Leaving the pictures aside, return all of the data below exactly.

══ Collected data

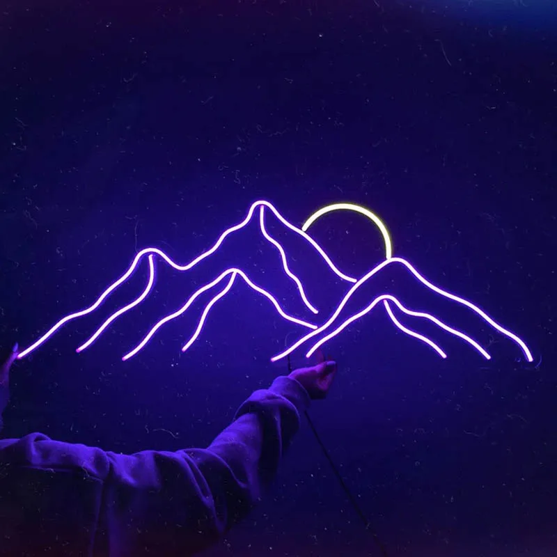 Неоновый светодиодный ночсветильник в виде гор на заказ, вывеска, домашний декор, закат, настенное украшение для спальни
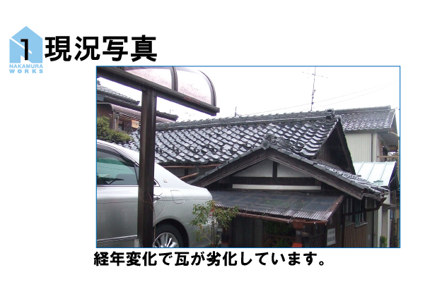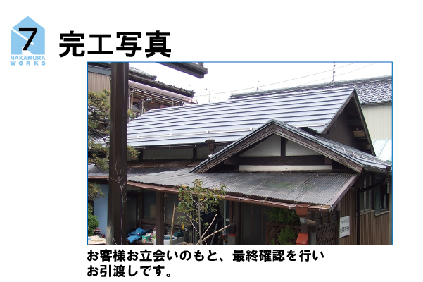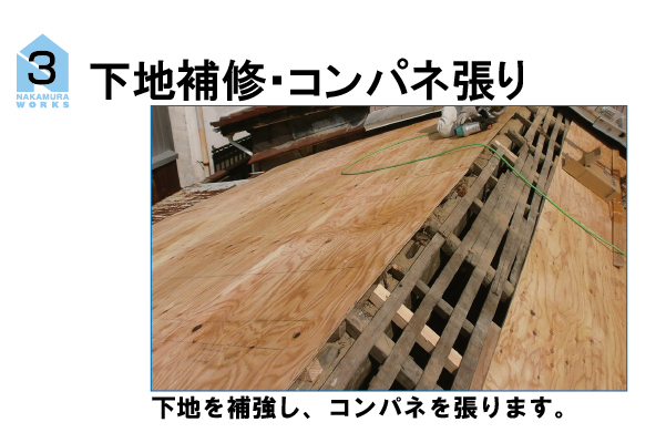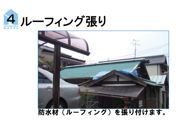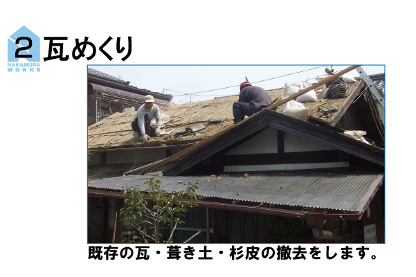 既存の瓦をめくり、金属屋根(エバールーフ)に葺き替える工事の手順です。
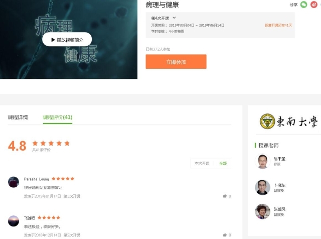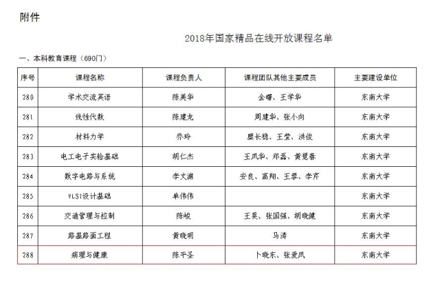 Recently, the Ministry of Education issued theNotice on the results of the 2018 National Excellent Online Open Courses. The Pathology and Health course from the Department of Pathology and Pathophysiology of our school was awarded the  National Exquisite Online open Course. This is the first time that our school have won this accreditation and the first online course in Jiangsu Province that has been recognized by the Ministry of Education. Since the recognition of the “Pathology” course of our school as one of the first national online education exquisite resource sharing courses in 2016, our curriculum development has reached a new hight.

════

Answer area:
 Неоновый светодиодный ночсветильник в виде гор на заказ, вывеска, домашний декор, закат, настенное украшение для спальни
 既存の瓦をめくり、金属屋根(エバールーフ)に葺き替える工事の手順です。
 Recently, the Ministry of Education issued theNotice on the results of the 2018 National Excellent Online Open Courses. The Pathology and Health course from the Department of Pathology and Pathophysiology of our school was awarded the  National Exquisite Online open Course. This is the first time that our school have won this accreditation and the first online course in Jiangsu Province that has been recognized by the Ministry of Education. Since the recognition of the “Pathology” course of our school as one of the first national online education exquisite resource sharing courses in 2016, our curriculum development has reached a new hight.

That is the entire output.